Ip: National security law an urgent necessity


There is an urgent need for Hong Kong to have the proposed national security law due to recent acts of violence and civil unrest, says Regina Ip Lau Suk-yee, a member of Hong Kong's Executive Council.
Ip, who is also a former secretary for security, said violent protests against the extradition law last year in Hong Kong turned out to be serious threats to China's national security, but the city had no specific laws which could address the problem.
"The violent protests are real security threats that compelled the central authorities to take action," she said. Ip recalled that "there had been many violent acts: with people waving foreign flags in the streets, singing revolutionary songs, throwing gasoline bombs, sabotaging and occupying the legislature, besieging the police headquarters, attacking the Liaison Office (of the Central People's Government in the Hong Kong Special Administrative Region) and desecrating the national emblem".
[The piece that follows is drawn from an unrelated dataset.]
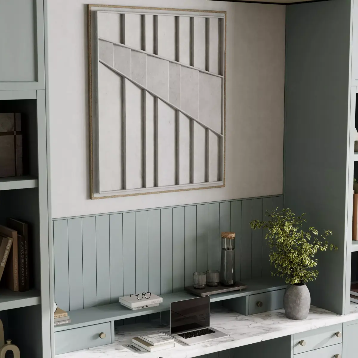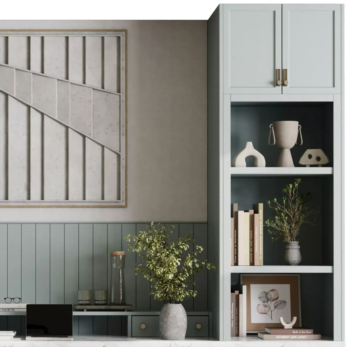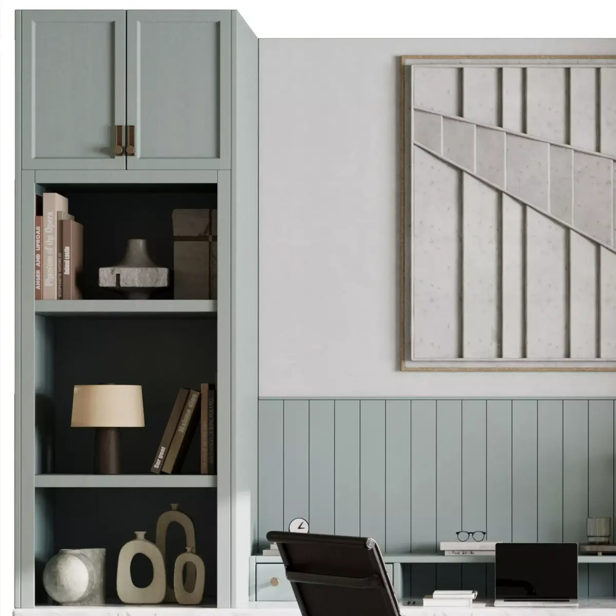 Workplace, office ,desk, chair, furniture, interior, potted plant, books, table, chair, plant, book, laptop, vase, statue, shelf, library, light,sculptures, decor, interior, , lamp Desktop, office room, closed space, office, decoration, wooden shelves ,contemporary, open, scandinavian, wabi, sabi, japandi, minimalism, shelve, scandinavian, wabi, sabi, japandi, minimalism, shelve,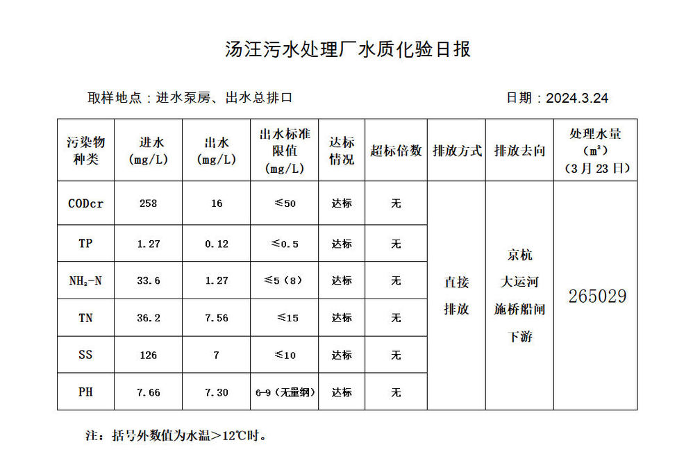 汤汪污水处理厂水质化验日报(2024.3.24)

"While the Legislative Council could not be relied on to enact Article 23 because the opposition camp paralyzed the legislature, filibustering even the election of the House Committee chairman for six months," she told China Daily.
On May 28, China's National People's Congress, the nation's top legislature, approved the decision to enact a national security law for Hong Kong. As a national law, drafting and legislation of the national security law are held outside the limits of Hong Kong's autonomy.
Secession, subversion, terrorism and external interference in Hong Kong affairs are prohibited in the proposed national security law for Hong Kong.